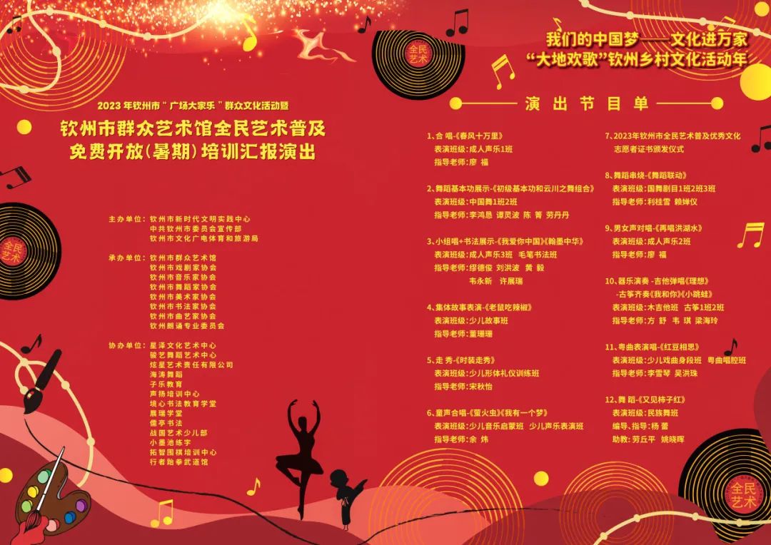 2023 年钦州市“广场大家乐”群众文化活动暨 钦州市群众艺术馆全民艺术普及免费开放(暑期) 培训汇报演出
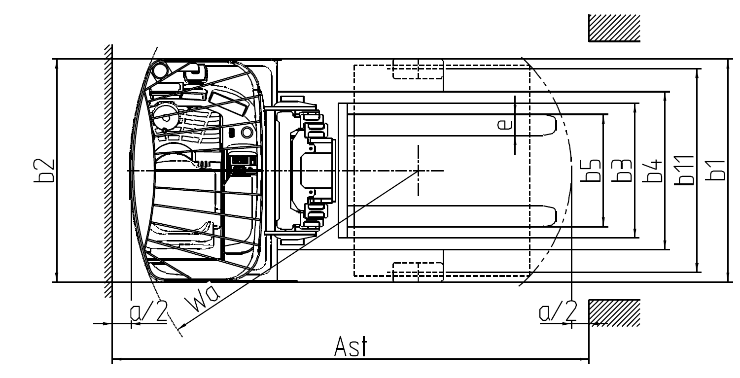 | 4.33 | Ширина прохода с паллетой 1000×1200 | Ast (мм) | 2880 | 2880 | |
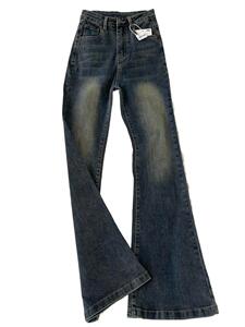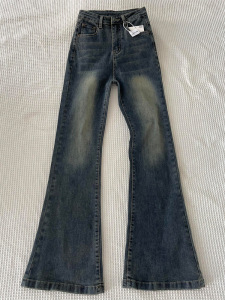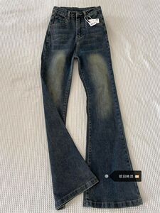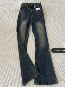 大码复古做旧水洗微喇叭牛仔裤女秋季新款高腰弹力显瘦拖地马蹄裤
************
**Work request**
The result should be a word-for-word restatement of all the data, without images.

**Exercise output**
 2023 年钦州市“广场大家乐”群众文化活动暨 钦州市群众艺术馆全民艺术普及免费开放(暑期) 培训汇报演出
 | 4.33 | Ширина прохода с паллетой 1000×1200 | Ast (мм) | 2880 | 2880 | |
 大码复古做旧水洗微喇叭牛仔裤女秋季新款高腰弹力显瘦拖地马蹄裤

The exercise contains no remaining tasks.